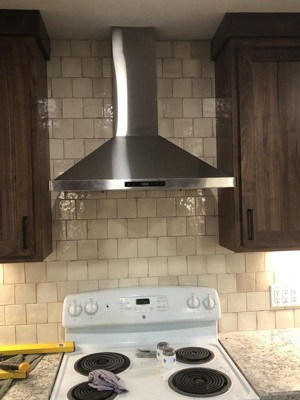 We recently installed this hood into our kitchen and we love it. We were a little worried about the top not being long enough but it came with enough give to fit our space and more. It goes beautifully with our new stove and backsplash.
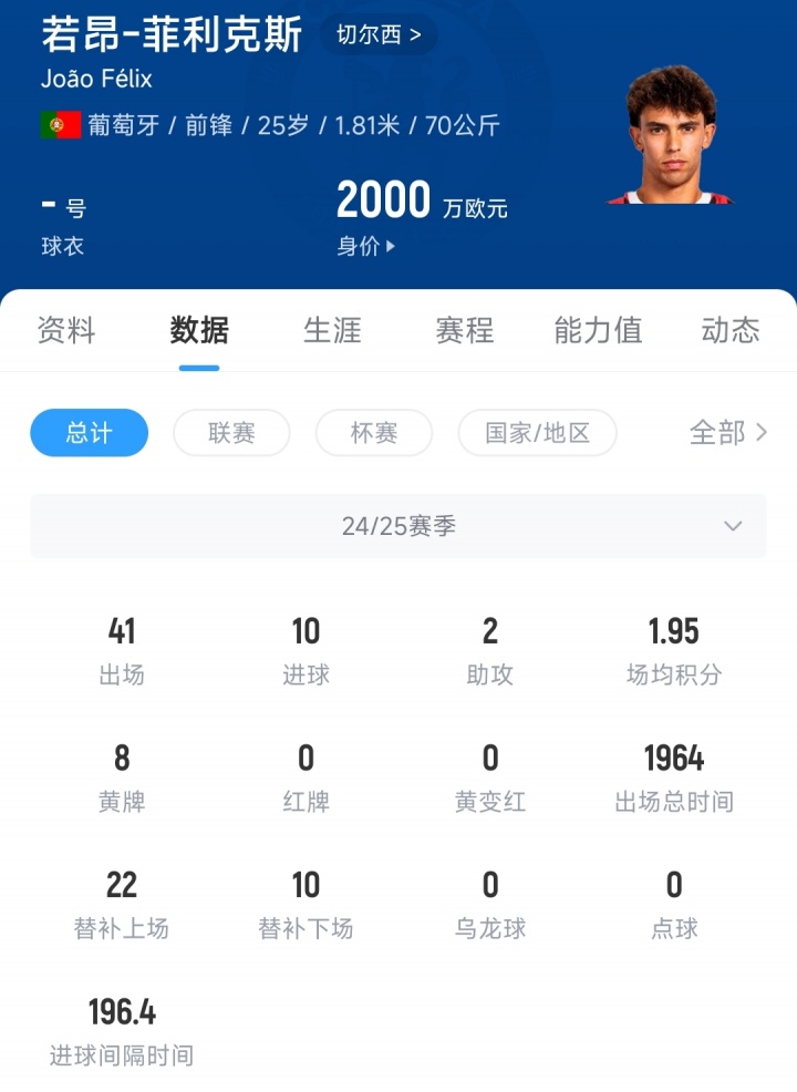 2023年1月,菲利克斯租借加盟切爾西,開啟了自己的流浪生涯。兩年間菲利克斯先后輾轉(zhuǎn)馬競、巴薩、切爾西、AC米蘭4支球隊,但在每支球隊效力都沒能超過半年,如今他遠走沙特加盟利雅得勝利。
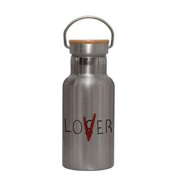 IT Lov(s)er, Μεταλλικό παγούρι θερμός (Stainless steel) Ασημένιο με ξύλινο καπακι (bamboo), διπλού τοιχώματος, 350ml
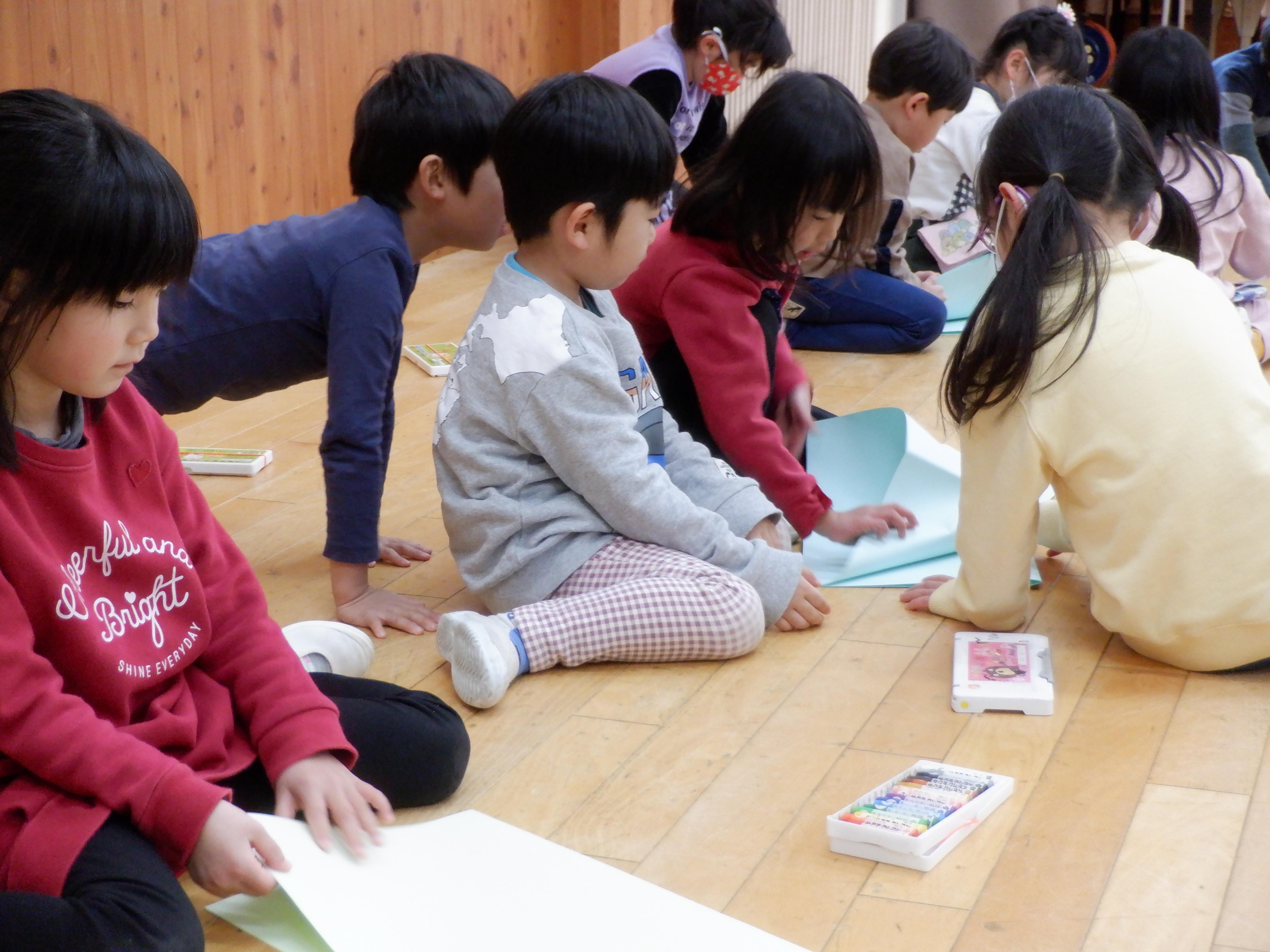 豆まき用のマスを作ったり、節分のお話を聞いたりしていると・・・

=== Exercise objective ===
I'd like the material above repeated exactly, with the pictures omitted.

=== Answer to the exercise ===
 We recently installed this hood into our kitchen and we love it. We were a little worried about the top not being long enough but it came with enough give to fit our space and more. It goes beautifully with our new stove and backsplash.
 2023年1月,菲利克斯租借加盟切爾西,開啟了自己的流浪生涯。兩年間菲利克斯先后輾轉(zhuǎn)馬競、巴薩、切爾西、AC米蘭4支球隊,但在每支球隊效力都沒能超過半年,如今他遠走沙特加盟利雅得勝利。
 IT Lov(s)er, Μεταλλικό παγούρι θερμός (Stainless steel) Ασημένιο με ξύλινο καπακι (bamboo), διπλού τοιχώματος, 350ml
 豆まき用のマスを作ったり、節分のお話を聞いたりしていると・・・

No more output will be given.